A limited liability company may be formed by a natural or legal person or between two or more natural or legal persons. The company is managed by one or more natural persons (managers) designated in the articles of association or in a subsequent act of the company. The minimum share capital required to form a corporation is $1,852. A limited liability company must be managed by 1 or more natural persons, whether or not they are shareholders of the company. They must be appointed by the shareholders in the articles of association or in a subsequent deed. The decision must be taken by a majority of shareholders holding more than 50% of the share capital. These decisions must be notarized and the maximum duration is 4 years, renewable. The deadline for these appointments, including legalization procedures, is between thirty and sixty days. Our firm has the necessary know-how and experience with regard to these rules and procedures. Thanks to our high-quality services, we have been able to satisfy and impress many of our national and international customers in all their business affairs.

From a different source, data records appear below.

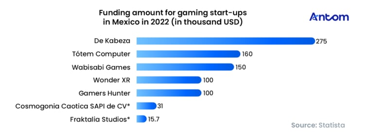 Data from the report indicates that, from 2022 to 2023, 67 Mexico-based gametech start-ups secured venture capital funding – a clear signal of investor confidence and growing market appeal. Notably, De Kabeza and Wasabi Videojuegos raised USD 275,000 and USD 160,000 respectively in 2022, further validating the feasibility and growth potential of local gaming ventures.
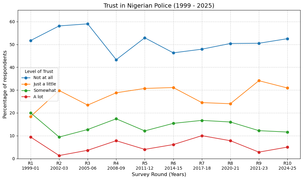 Research shows that trust in public institutions is fragile where governments repress dissent instead of delivering change. Nigerians, according to Afrobarometer data, are among the least trusting citizens in Africa when it comes to the police, the courts, and electoral authorities.
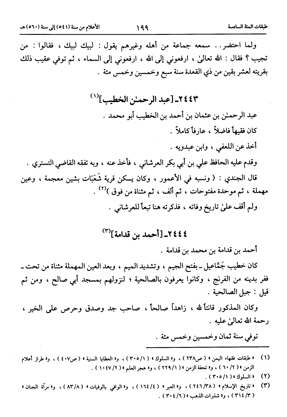(3) «تاريخ الإسلام» (38/ 246)، و «العبر» (4/ 164)، و «الوافي بالوفيات» (8/ 83)، و «مرآة الجنان» (3/ 314)، و «شذرات الذهب» (6/ 304).
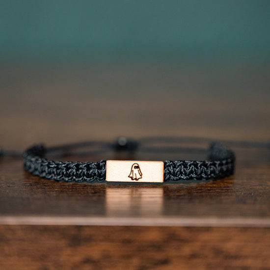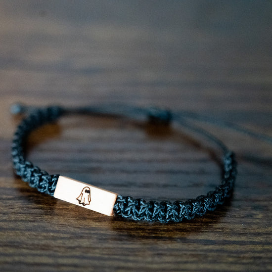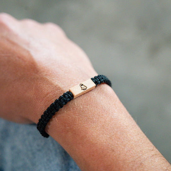 Celebrate your love for all things spooky with this limited-edition Ghost Macramé Bracelet. This fun, seasonal design features a classic ghost outline, meticulously engraved into a beautiful piece of reclaimed Maple Burl wood. It's the perfect subtle Halloween accessory, a great gift for fans of the supernatural, or a fun treat for an October birthday.
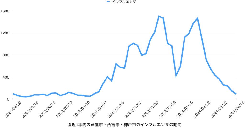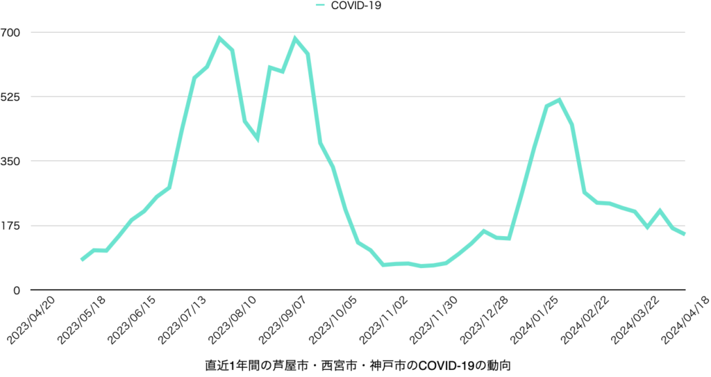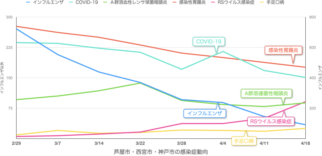 兵庫県感染症情報センターからリリースされている週報から芦屋市・西宮市・神戸市の情報をピックアップして集計したものを若干のコメントをつけて配信しています。
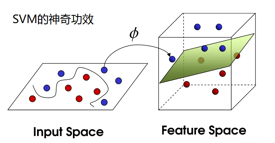 它们成为线性可分的,再使用线性划分的原理来判断分类边界。
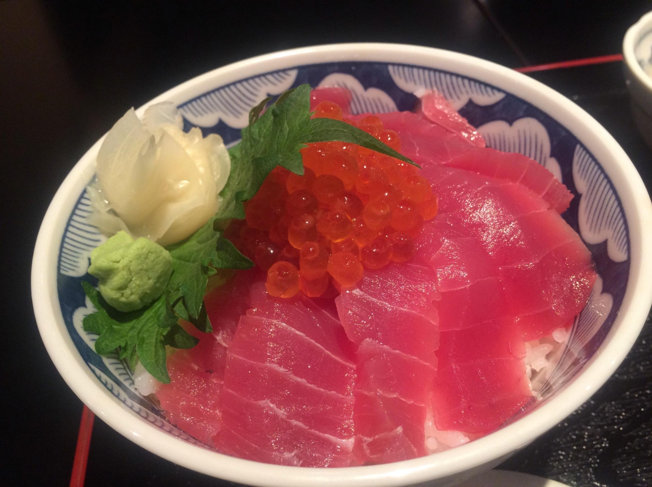 店頭の看板に誘われ780円のまぐろいくら丼を
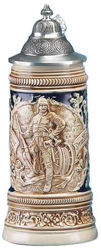 This stoneware, raised relief stein hosts a turn of the century full dressed fire fighter a hose and trumpet. Burning buildings are seen in the background. The German expression on the sides is translated to say, God protect the next one called to duty, one for all and all for one. Border decorations include ladders, axes, and helmets. The entire stein is in an antique four tone, cream, brown, emerald green and cobalt blue color combination. Affordably priced.
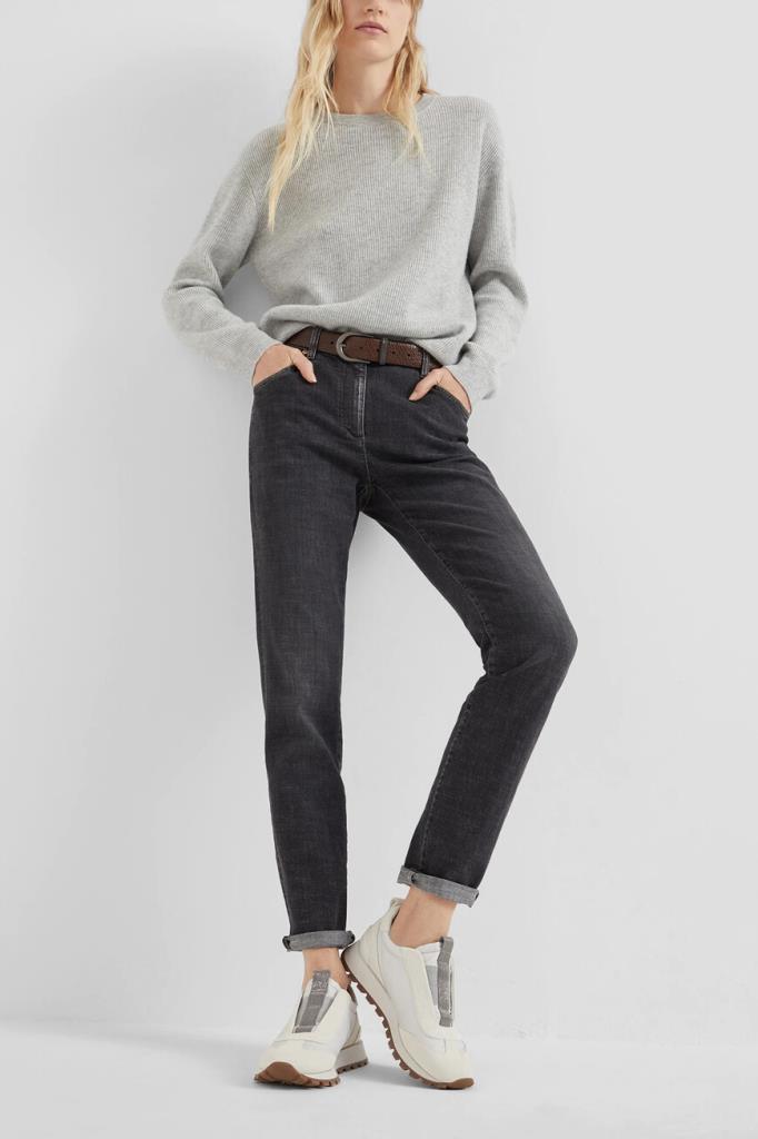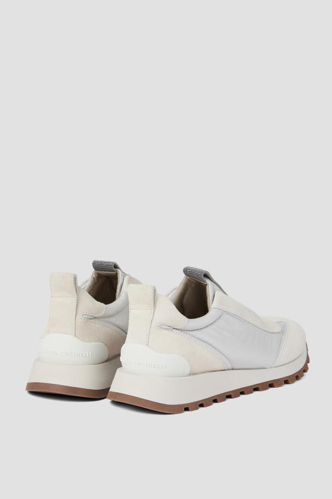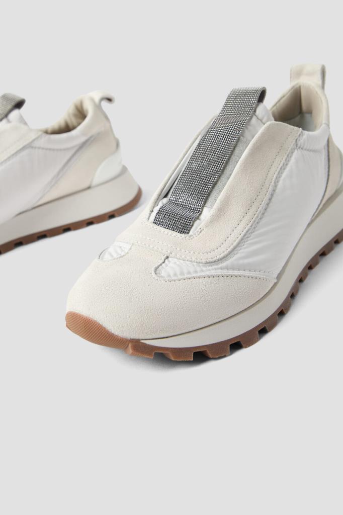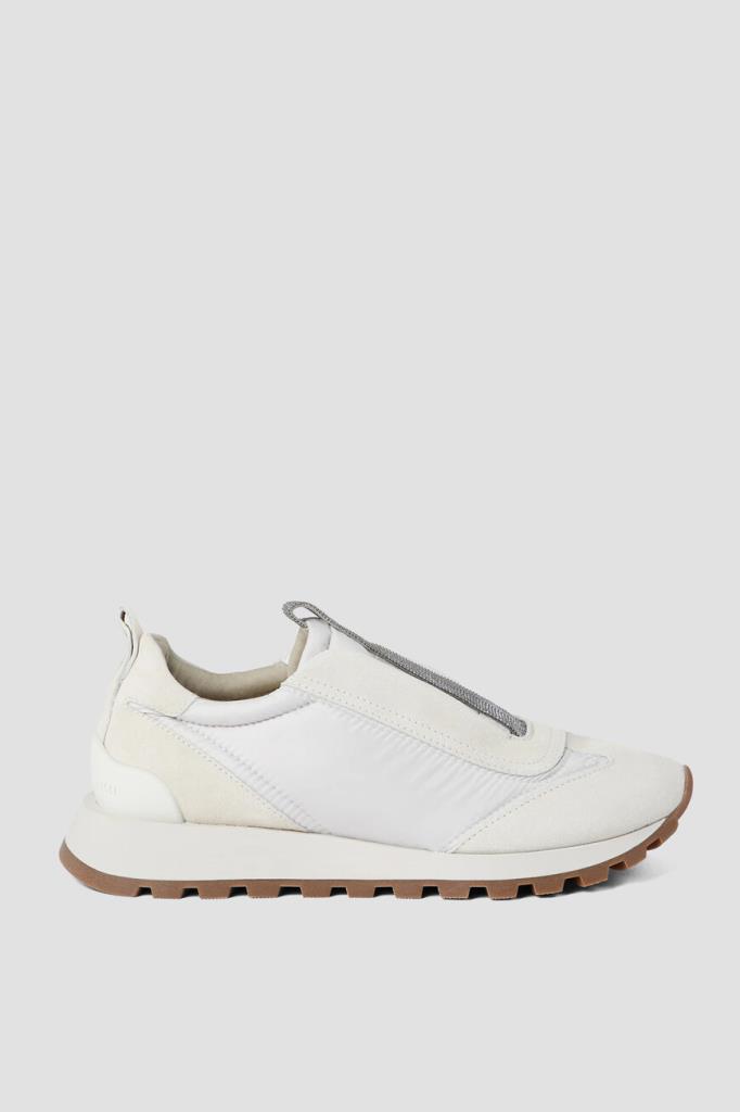 Белые сникеры BRUNELLO CUCINELLI выполнены без шнуровки. Для создания комбинированной пары обуви используются плотный нейлон и бархатистая замша. Модель установлена на двухцветную подошву из лёгкого материала ЭВА с протектором из ТПУ для надёжного сцепления с дорогой. Отличительной деталью является лента-полоса из рядов блестящей цепочки Мониль, размещённая на язычке.

The following steps are required for the incorporation of a company: Article 385 of the Uniform Law on Commercial Companies provides that a joint-stock company is a company in which the shareholders are liable for the debts of the company, to the extent that their contributions and the rights of shareholders are represented by the shares. The main difference between a limited liability company and a liability company is that the corporation can make calls for capital to the public.